Or as Craig Smith has point “It is the idea of the invisible hand, or more generally the idea of social evolution through unintended consequences, which represents Smith’s chief legacy to the modern world. The recognition that many of the most important human achievements are, as Smith’s friend Adam Ferguson observed, the results of human action, not the product of human design, is a profound lesson to us all. It is this observation which leads Smith to his deep scepticism towards ‘men of system’ who would organise humanity to achieve noble ends.
As to whether markets automatically lead to good outcomes for society, Butler is not claiming that they do and Smith never claimed that they do. What I think most economists would say is that markets lead to good outcomes for society more often than any alternative method of resource allocation. A system of rules are required to achieve this end - such as competition and a system of justice - but as long as these are in place then markets are a better bet to achieve good outcomes than "men of system".

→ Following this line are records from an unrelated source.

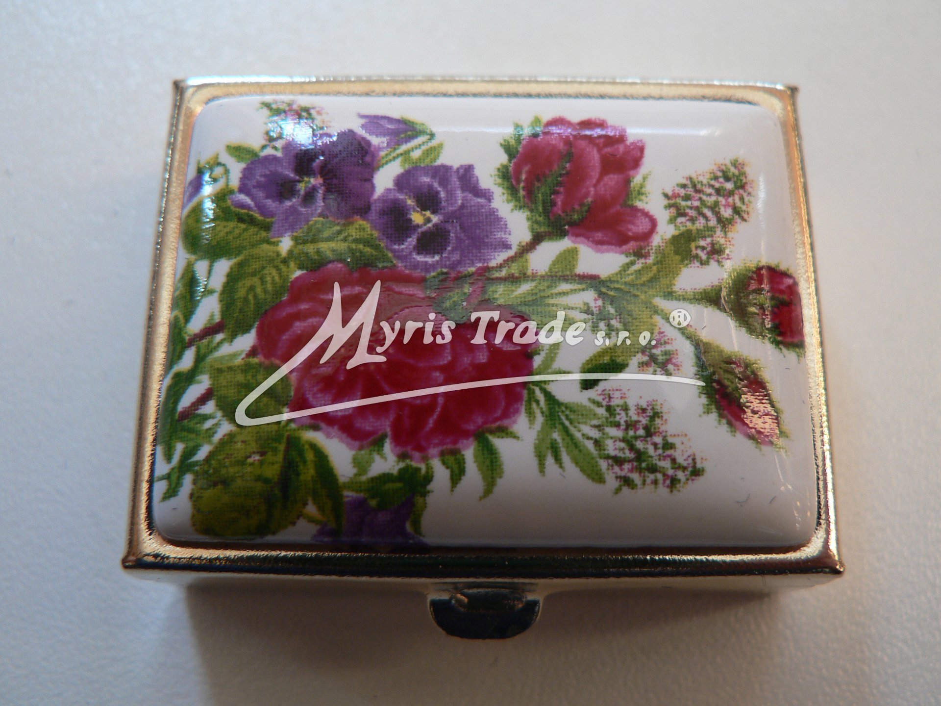 klasická obdélníková lékovka je vyrobena z kovu zlaté barvy s porcelánovým víčkem s květinovým motivem
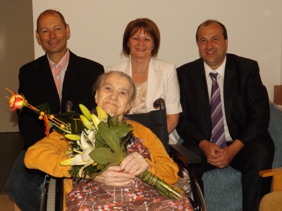 Bözsi nénit ezúttal nemcsak dr. Molnár Attila polgármester és a körzet képviselője Dombay Gábor köszöntette fel, hanem korábban nagyigmándi lévén Hajduné Farkas Erika a település polgármestere is tiszteletét tette nála.
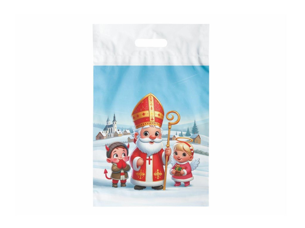Igelitová taška s průhmatem a barevným mikulášským motivem. Je ideální pro různé typy dárků, od malých sladkostí a hraček až po větší předměty. Na tašce je obrázek Mikuláše, anděla a čerta. Taška je vybavena průhmatem, což je otvor v horní části tašky, který slouží jako rukojeť. Tento průhmat umožňuje snadné a pohodlné přenášení tašky. Díky pevnému plastovému materiálu je taška odolná proti roztržení a vlhkosti, čímž zajišťuje, že dárky uvnitř zůstanou v bezpečí a suchu.

And below are comments by “Owen”, and alo Paul’s response:
Owen said...
“Whoops, may have jumped to conclusions there a bit!! Im too used to seeing invisible hand = markets. Thanks for the clarification.”
Owen said...
“Further to this, when I first came across the notion that the invisible hand was not what was taught in uni, it was a revelation and I also assumed it was rather the unintended consequences, but reading more im not so sure thats the correct interpretation either eg”
Paul Walker responds:
Yes, Gavin does take a different view. For a detailed discussion of his view see chapter 12 of Gavin Kennedy, "Adam Smith: a moral philosopher and his political economy" 2nd ed., New York: Palgrave Macmillan, 2010. Also read all of Gavin's excellent blog, Adam Smith's Lost Legacy. To see differing views on the "invisible hand" see "Econ Journal Watch", "Adam Smith and the Invisible Hand: From Metaphor to Myth" by Gavin Kennedy, May 2009 and "In Adam Smith’s Invisible Hands: Comment on Gavin Kennedy" by Daniel B. Klein along with "A Reply to Daniel Klein on Adam Smith and the Invisible Hand" by Gavin Kennedy, September 2009. Also Klein and Kennedy do battle again in "Economic Affairs": "In a word or two, placed in the middle: the invisible hand in Smith's tomes" by Daniel B. Klein and Brandon Lucas and "Adam Smith and the role of the metaphor of an invisible hand" by Gavin Kennedy. There are additional comments on the Klein-Lucas paper by other Smith scholars: "A comment on the centrality of the invisible hand" by Craig Smith and "A comment on the centrality of the invisible hand" by Ryan Hanley. All these are in Volume 31 Issue 1, 2011. A reply by Klein and Lucas appears in Volume 31 Issue 2, 2011: "On the deliberate centrality of an invisible hand: reply to Gavin Kennedy, Ryan Hanley and Craig Smith".
GK: Comment
I agree with Paul broadly on his critique of the popular modern economist’s idea of the “invisible hand”.  I regard Paul’s treatment as a step or two forward in this debate, and praise him for taking it.  In his subsequent comment to “Owen”, Paul kindly refers “Owen” to citations of my published assessments on the IH metaphor from 2008-2011.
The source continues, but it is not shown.